Other critics, however, were more positive. Ben Sledge, writing for TheGamer, stated that, despite the lack of realism in the fossils, he couldn't "help but love them." He argued that despite the flaws of the designs, the four Pokémon, unlike past Fossil Pokémon, told a story with their designs, stating that it was "a story that you don't need to read the Pokedex to understand, a story that screams at your eyeballs the moment you first bring a Galarian fossil to unnatural life. In every other Pokemon game, you're restoring a lost creature... In Pokemon Sword & Shield, however, you're creating new life. You have too much power in your hands and you feel a visceral hatred for your creation." Jason Mecchi of Screen Rant cited similar sentiments, particularly around Dracovish, stating that "despite its monstrous appearance, the way it expresses itself over the excitement of curry and toys in the camp feature of Pokémon Sword and Pokémon Shield makes it endearing... it's hard not to look past its Frankenstein qualities and see something innocent and playful." The designs of the fossils have also been used as a subject of comparison to similar mistakes and forgeries in the real-world paleontology field, and Cara Liss's creation of them has been likened to Dawson and the Piltdown Man. Her creation of the fossils and their false Pokedex entries have also been compared to modern day misinformation tactics.

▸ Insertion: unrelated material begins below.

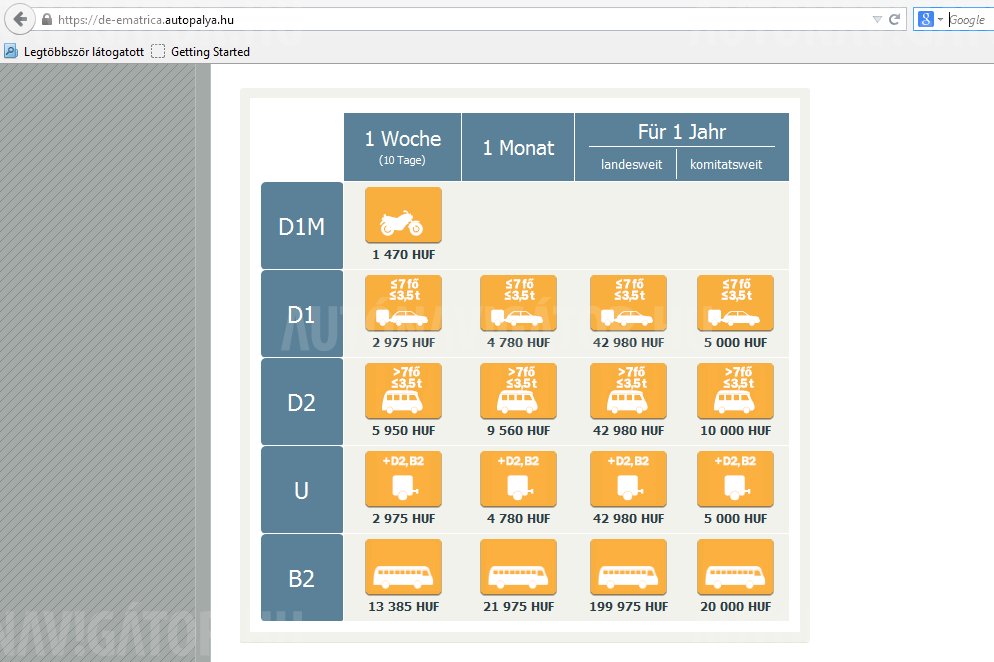 „D2 kategóriába tartozom, mert 8 személyes szgk-m van. Az éves az egyetlen ésszerű megoldás, ott nincs dupla díj (egyelőre). Ma közlekednem kell autópályán, gondoltam a legilletékesebb helyen megveszem, interneten a Nemzeti Útdíjfizetési Szolgáltató Zrt-nél. A honlap tanúsága szerint a rendszer hibátlan, de azért akinek nem muszáj, ne vegyen ma matricát. Nekem muszáj volt, de nem sikerült, 8 esetből 8-szor kivágott, 2 hiba felváltva jelentkezett.

The Pokémon have gone on to make an impact in the game's competitive scene. While Arctovish is generally considered unviable, Arctozolt and Dracozolt see frequent usage in the game's competitive singles tier. Dracovish was seen as a particularly strong Pokémon, notably due to its Fishious Rend attack. Dracovish's power was noted by many, and it was eventually banned from standard play and ranked in the "Ubers" tier of the competitive singles format as a result. A Dracovish plush was later released, which could come with various items based on those prominently used by Dracovish in the game's competitive scene.